Nx Release: unified module publishing
The real transformation happened with Nx release. Our internal @payfit/nx-core plugin orchestrates coordinated releases across all publishable artifacts over @ Payfit, including terraform modules.
The release command analyzes git history and only releases modules that have actually changed:
npx nx release
The result? Cross-module changes deploy together, while individual module updates release independently, in a single PR.
The trade-offs: nothing's perfect
Now, this monorepo approach isn't without its (small) downsides:
| Pro | Con |
|---|---|
| Smart Releases: Intelligent orchestration across modules | Larger Repository: Single repo grows over time |
| Parallel Execution: Quality checks run simultaneously | Nx Learning Curve: Team needs to understand Nx concepts |
| Automated Standards: Consistent tooling across all modules | Migration Effort: Consolidating 15 repos requires planning & time |
For us, the benefits far outweigh these costs. We've dramatically improved our infrastructure velocity and consistency.
Outcomes: from chaos to streamlined Terraform modules management
The impact was immediate and measurable:
- Unified Management: Single Nx workspace orchestrates all 15+ modules
- Zero Configuration: Plugin automatically provides all terraform targets
- Automated Standards: Consistent tooling and validation across all modules
- Velocity: Single PR needed to update one or several modules simultaneously
The key insight?
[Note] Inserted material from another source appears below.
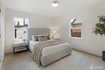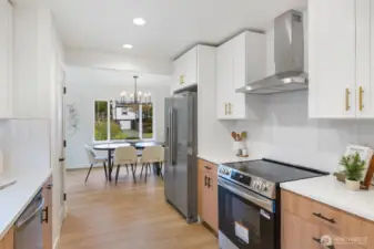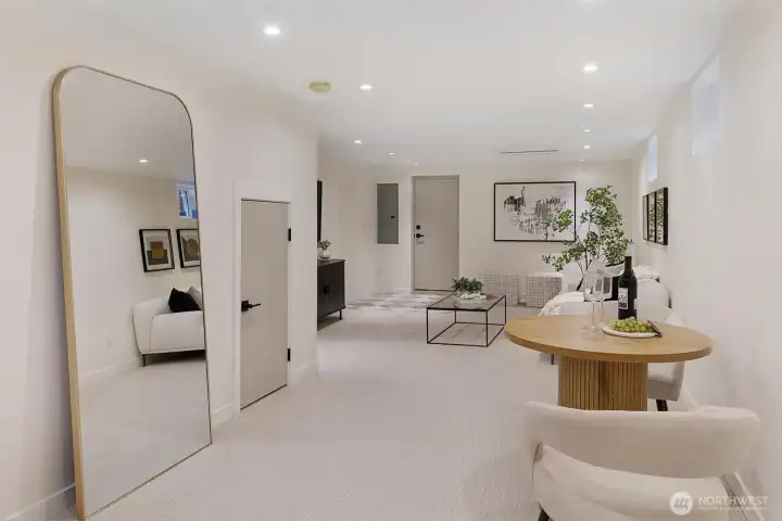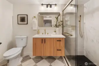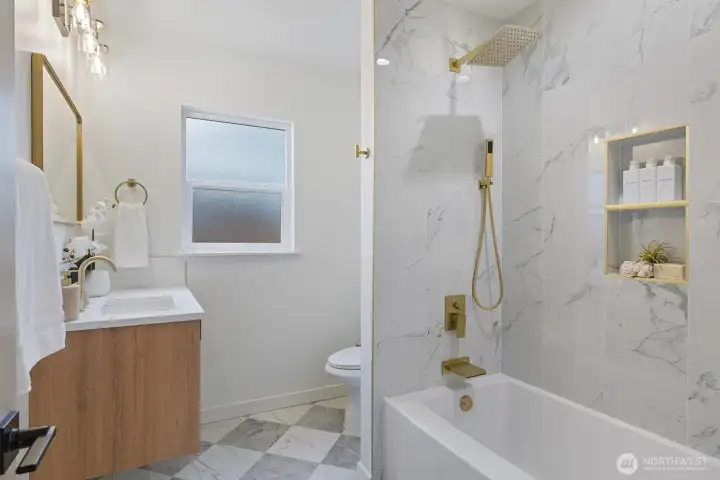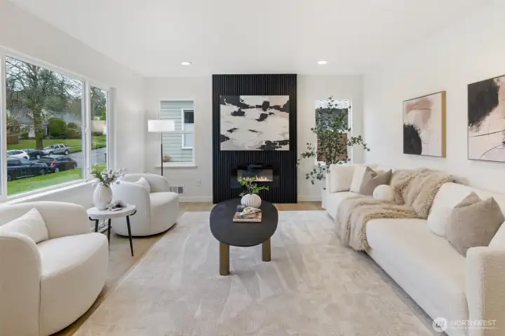 Nestled in Tacoma’s sought-after North End, this thoughtfully reimagined home blends warmth, function, & flexibility. Sun-filled living room features a striking electric fireplace, flowing into a formal dining room with deck access—perfect for entertaining or morning coffee. The galley kitchen offers two-tone cabinetry, tile backsplash, SS appl, & pantry storage. Main level includes two bedrooms & a stylish full bath with tile surround, floating vanity, & gold accents. Lower level provides a spacious rec room, two additional bedrooms, and a ¾ bath with walk-in rain shower. Separate exterior entrance allows for multi-gen or work-from-home living. Fully fenced level yard, detached garage, permitted rehab, & potential DADU (buyer to verify).

Treat infrastructure modules like any other software project, with proper versioning, testing, and release management. Nx makes this possible at scale.
Have you faced similar repository chaos? How did you tackle it?
Top comments (1)
Great writeup! I've hit the same wall at a couple of infra-heavy orgs I've consulted for (a couple of infra-heavy Nordic orgs), except they never made it to the monorepo move. They were stuck in exactly your "before" picture: one VPC module change, then a day of merging PRs across consumers.
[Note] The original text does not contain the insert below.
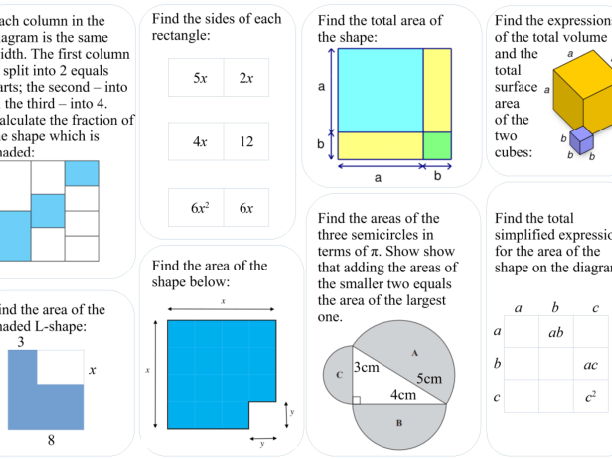 The task shown in the image is a collection of mathematical problems designed to enhance students’ understanding of geometry, algebra, and proportional reasoning through both visual and analytical methods. It involves working with shapes, areas, fractions, and expressions, requiring students to analyze diagrams, perform calculations, and simplify algebraic terms. The problems encourage logical reasoning, spatial visualization, and the application of algebraic rules to solve real-world and abstract mathematical scenarios. By combining diagrams with symbolic representations, the task integrates visual learning with abstract mathematical thinking.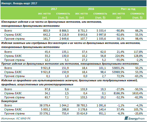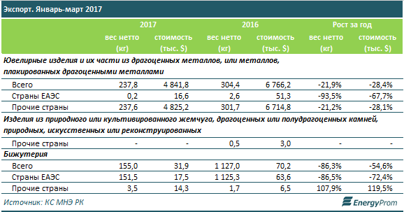 Экспорт Казахстаном ювелирных изделий по итогам первого квартала также сократился - минус 21,9 процента в натуральном выражении и минус 28,4 процента в стоимостном, как и экспорт бижутерии - минус 86,2 процента в килограммах и минус 54,6 процента в деньгах.

One thing I'm curious about, since you've solved the module side so cleanly: how do you handle the consumer side now (the workspaces that pin these modules)? nx release tells you which modules changed together, but as far as I know the Nx graph stops at the monorepo boundary. So when a new version of the VPC module ships, do you have a way to see which downstream workspaces are on which ref, and which ones a given change actually breaks? Renovate/Dependabot can bump them, but bumping isn't the same as knowing the blast radius before you merge.
That consumer-side map is the part I ended up building tooling for, so genuinely curious whether the monorepo move made it a non-issue for you or just moved the problem one layer out.